Es ist ohne vorherige schriftliche Erlaubnis nicht gestattet, dieses Werk im Ganzen oder in Teilen zu vervielfältigen oder zu veröffentlichen.
A GIRL OF THE LIMBERLOST
By Gene Stratton Porter
To All Girls Of The Limberlost
In General
And One Jeanette Helen Porter
In Particular
CHARACTERS:
Contents
A GIRL OF THE LIMBERLOST
CHAPTER I CHAPTER II CHAPTER III CHAPTER IV CHAPTER V CHAPTER VI CHAPTER VII CHAPTER VIII CHAPTER IX CHAPTER X CHAPTER XI CHAPTER XII CHAPTER XIII CHAPTER XIV CHAPTER XV CHAPTER XVI CHAPTER XVII CHAPTER XVIII CHAPTER XIX CHAPTER XX CHAPTER XXI CHAPTER XXII CHAPTER XXIII CHAPTER XXIV CHAPTER XXV
A GIRL OF THE LIMBERLOST
CHAPTER I
WHEREIN ELNORA GOES TO HIGH SCHOOL AND LEARNS MANY LESSONS NOT FOUND IN HER BOOKS
"Elnora Comstock, have you lost your senses?" demanded the angry voice of Katharine Comstock while she glared at her daughter.
"Why mother!" faltered the girl.
"Don't you 'why mother' me!" cried Mrs. Comstock. "You know very well what I mean. You've given me no peace until you've had your way about this going to school business; I've fixed you good enough, and you're ready to start. But no child of mine walks the streets of Onabasha looking like a play-actress woman. You wet your hair and comb it down modest and decent and then be off, or you'll have no time to find where you belong."
Elnora gave one despairing glance at the white face, framed in a most becoming riot of reddish-brown hair, which she saw in the little kitchen mirror. Then she untied the narrow black ribbon, wet the comb and plastered the waving curls close to her head, bound them fast, pinned on the skimpy black hat and opened the back door.
"You've gone so plumb daffy you are forgetting your dinner," jeered her mother.
"I don't want anything to eat," replied Elnora.
"You'll take your dinner or you'll not go one step. Are you crazy? Walk almost three miles and no food from six in the morning until six at night.
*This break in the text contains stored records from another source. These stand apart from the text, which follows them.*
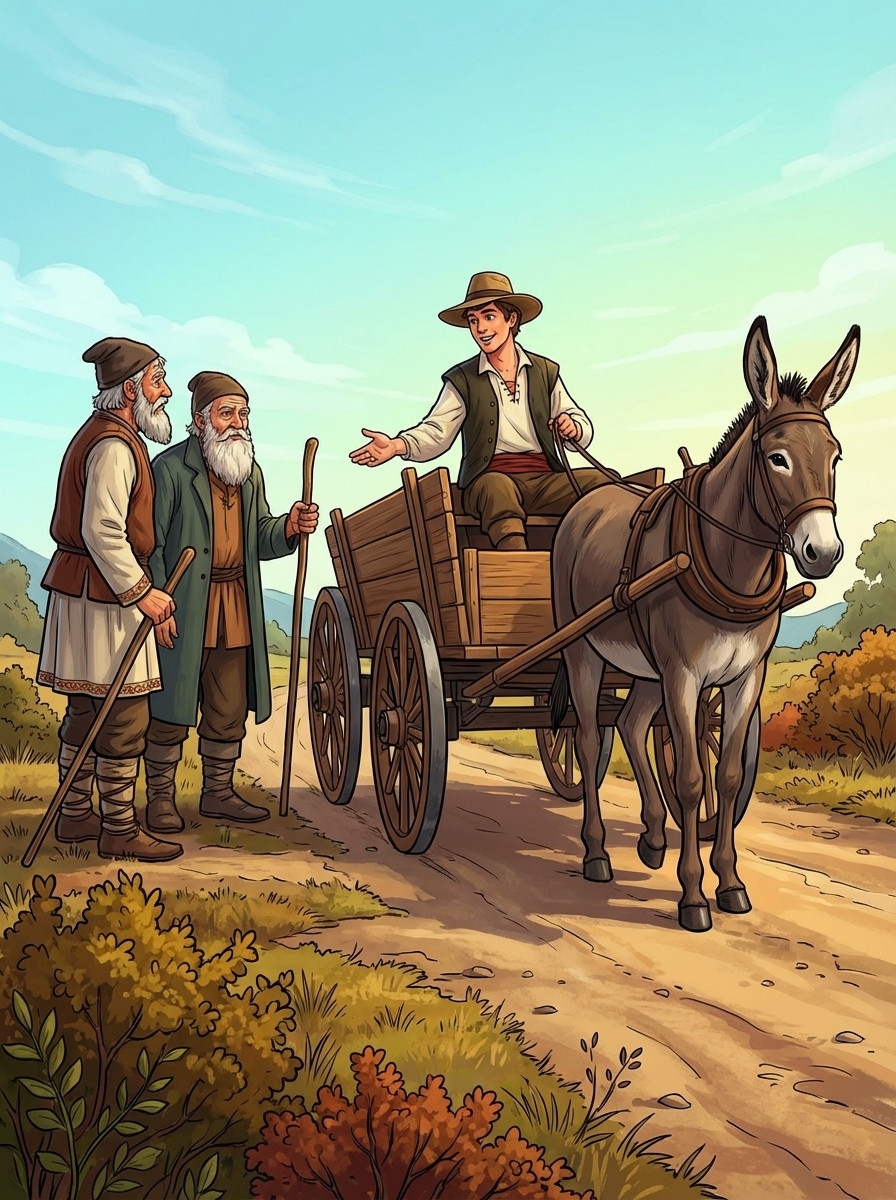 Давно-давно это случилось — ещё в те времена, когда столетние дубы были раскидисты и могучи, словно былинки в поле, а горы высоки, как кочки на болоте; когда волки овец пасли, а куры в поднебесье летали. Может, тогда это случилось, может, чуть пораньше или чуть попозже, а может, и вовсе такого не бывало.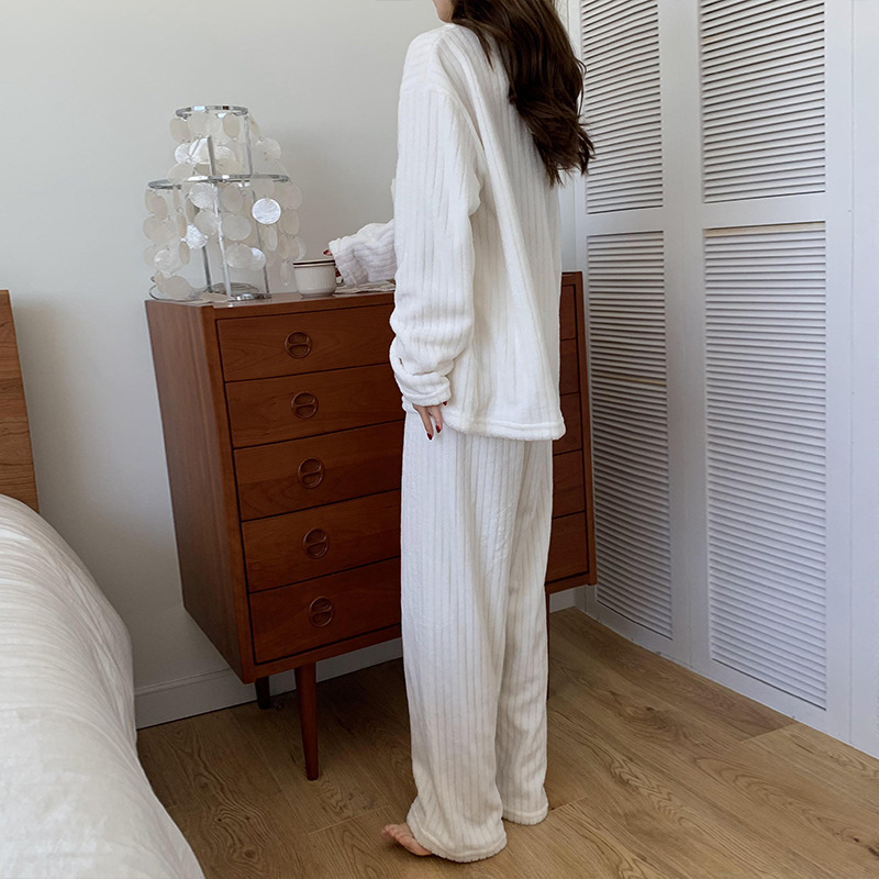 가을 겨울 산호 양털 파자마 여성용 긴팔 두꺼운 홈 의류 초승달 복숭아 면 양털 플러스 사이즈 패션 여성 세트스토어 가기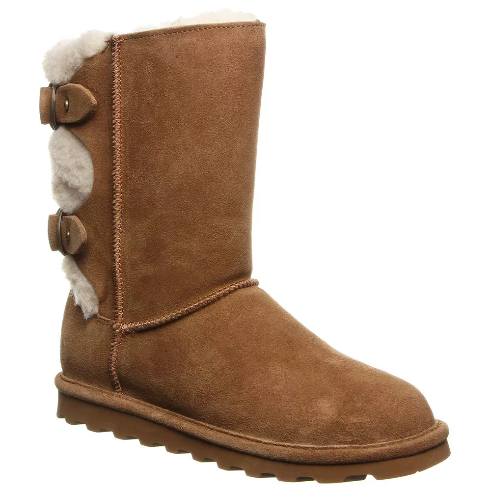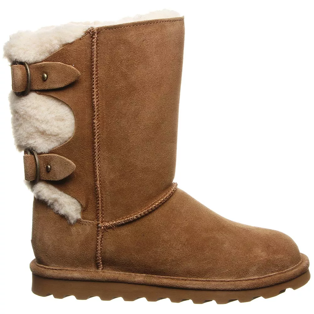 Bearpaw Eloise Comfort Winter Boots – Womens. Bearpaw’s Eloise womens winter boots offer the perfect blend of style, comfort and warmth. Luxurious cow suede uppers, rear wool or faux fur panels and double D-ring strap details give these boots’ a ruggedly elegant look. Wool blend linings and sheepskin comfort footbeds add extra warmth and cushioning. NeverWet technology repels water and stains, keeping these boots beautiful and your feet dry.

A pretty figure you'd cut if you had your way! And after I've gone and bought you this nice new pail and filled it especial to start on!"
Elnora came back with a face still whiter and picked up the lunch. "Thank you, mother! Good-bye!" she said. Mrs. Comstock did not reply. She watched the girl follow the long walk to the gate and go from sight on the road, in the bright sunshine of the first Monday of September.
"I bet a dollar she gets enough of it by night!" commented Mrs. Comstock.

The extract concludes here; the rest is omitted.